WECT (channel 6) is a television station in Wilmington, North Carolina, United States, affiliated with NBC. It is owned by Gray Television, which provides certain services to Fox affiliate WSFX-TV (channel 26) under a shared services agreement (SSA) with American Spirit Media. Both stations share studios on Shipyard Boulevard in Wilmington, while WECT's transmitter is located near Winnabow, North Carolina.

History

Channel 6 began broadcasting on April 9, 1954, with the call sign WMFD-TV. It aired an analog signal on VHF channel 6 from a 941-foot transmitter near Delco. The station was owned by Atlantic Telecasting Corporation alongside Wilmington's oldest radio station, WMFD. Atlantic Telecasting sold off the radio station in 1958 and changed the television station's calls changed to the current WECT. The WMFD-TV call letters are now used by an independent television station in Mansfield, Ohio.

At its launch, channel 6 was affiliated with all four networks of the day—NBC, CBS, DuMont and ABC. However, it has always been a primary NBC affiliate.
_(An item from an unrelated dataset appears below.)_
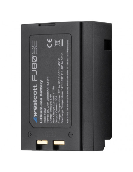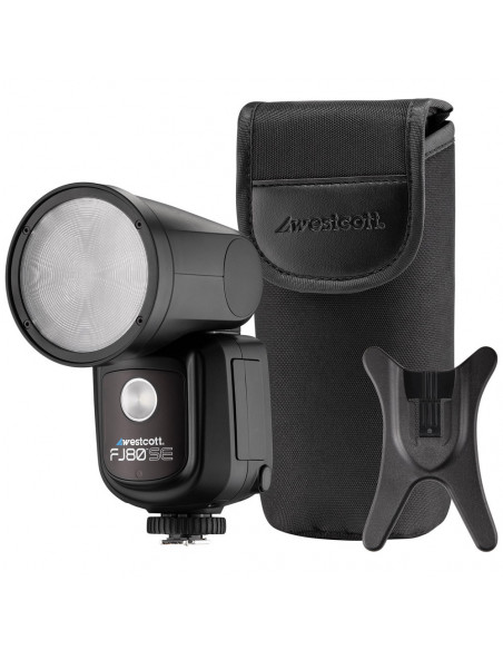 Never miss a shot again Improve your photography with this powerful Westcott FJ80 SE S 80Ws Speedlight for Sony Cameras with round head, which delivers 550+ full power flashes per charge, provides even light coverage and is easy to operate. This Speedlight can also be used as a portable flash and transmitter for the FJ wireless flash system, and the hot shoe mount is compatible with Sony cameras. Never miss another shot with exceptional lighting performance at a price that shines as brightly as your creativity. Highlights Compatible with Sony cameras Precise color temperature stability Manual & TTL modes and High Speed Sync Durable and wireless The Westcott FJ80 SE S 80Ws Speedlight for Sony Cameras with round head has an output of 80W and provides even coverage both on and off camera. and with its durable, all metal flash shoe, it has a secure, reliable connection. It features reliable wireless communication up to 100 m in high interference locations, such as weddings and events. Precise color temperature stability Accurate color temperature stability of 6500K is available across the entire output range of 9 stops. A gel and magnetic ring are included for 5500K environments. Battery capacity and fast recycling The flash includes a removable 2500mAh lithium ion battery with approximately 550 flashes at full power per charge and a fast recycling time of 0.05 to 1.8 seconds. And with the self controlled heat protection, it ensures that you can keep working safely and use it for a long time. Flash modes and LCD The FJ80 SE features Manual and TTL flash modes, High Speed Sync (HSS) up to 1/8000s, and Front and Rear Curtain Sync. The intuitive menu system with LCD has easy operation and lets you control the flash's various modes., Flash head Maximum Power: 80Ws Energy Range: 9 F Stop (0.3 80 Ws) Flash Duration (t0.1): Normal: (t0.1): 1/266 1/3300s Freeze: (t0.1): 1/500 1/16670s Flash Duration (t0.5): Normal: (t0.5): 1/800 1/10000s Freeze: (t0.5): 1/1500 1/50000s Recycle Time: .05s 1.8s Continuous Capture: 20 FPS (Camera Model Dependent) Color Temperature Stability: Normal/TTL/HSS: 6500 ±200K Freeze: 6500K ±400K (E.R. 1 9) Mounting System: FJ80 Magnetic Mount (Ñ75) Flash Increments: 0.1 Stop / 1.0 Stop Flash Modes: Manual, TTL IGBT: Yes Exposure Compensation: ±3 Modeling Lamp; 1, 2, 3, Auto, Off Sync Functions: HSS, Normal (Front & Rear Curtain), Freeze Sync Speed: 1/8000s (High Speed) Wireless Frequency: 2.4 GHz Wireless Channels: 31 (01 31) Wireless Groups: Host: 6, Client: 16 Wireless Range: 328' (100m) Light Mount Type: Hot Shoe Auto Dump: Yes Audible Beep: Yes Auto. Memory Recall: Yes Battery Flashes per Charge: 550+ @Full Power Battery Type: Lithium ion Battery Capacity: 17.76 Wh, 1600mAh Battery Voltage: 7.4V Charge Power: 12.6V @1A Battery Removable: Yes Charge Time: â¤3 Hours Charge Cycles: 200+ (@80% after 200) Charging Temperature; 32° to 113°F (0° to 45°C) Discharge Temperature; 14° 131°F ( 10° 55°C) Electrical Input Power: AC 100 240V, 50 60Hz, 0.5A Battery Mount: FJ80 SE Cable Port: USB C for Firmware Updates (PC, Mac) Cooling: Passive Firmware Upgradable: Yes Display: LCD Display (Decimal or Fraction) Operating Temp.: 14° 104°F ( 10° 40°C) Power Cooling: Multi stage Auto. Power Off: Yes Power Type: DC Certifications: CE USB Capability: Firmware Updates (PC, Mac) , 1 à Westcott FJ80 SE S 80Ws Speedlight for Sony Cameras 1 à FJ80 SE Rechargeable Lithium ion Battery 1 à FJ80 SE Battery Charger & Cord 1 à FJ80 SE AC Adapter 1 à FJ80 SE Speedlight Shoe Stand 1 à FJ80 SE Magnetic Gel Ring 1 à Color Correction Gel 1 à USB C to USB A Cable 1 à FJ80 SE Travel Case

It lost DuMont when that network went silent in 1956. The station finally got local competition in 1964 when WWAY signed on. However, WWAY opted to affiliate with the much weaker ABC, forcing WECT to shoehorn NBC and CBS onto its schedule until the 1970s, when cable arrived in the Wilmington market. It primarily carried CBS soap operas and CBS' Sunday afternoon NFL coverage. At one point, this station was carried on cable systems in the Triangle region of North Carolina (Raleigh, Durham, Fayetteville, and Chapel Hill) for a time when NBC did not have a full-time affiliate in that market. At one time, WECT had a Fayetteville news bureau.

In 1969, WECT moved to a  tall tower near White Lake—among the tallest east of the Mississippi. From the 1970s to the 1980s, WECT was picked up by numerous cable systems from Fayetteville eastward. At one point, it was carried on cable as far west as Wadesboro and as far north as Greenville. Due to its longstanding popularity, WECT is still carried on cable systems in the eastern portion of the Triangle market, including Fayetteville and Southern Pines. It is also available on cable in Jacksonville, which is part of the Greenville–Washington–New Bern market.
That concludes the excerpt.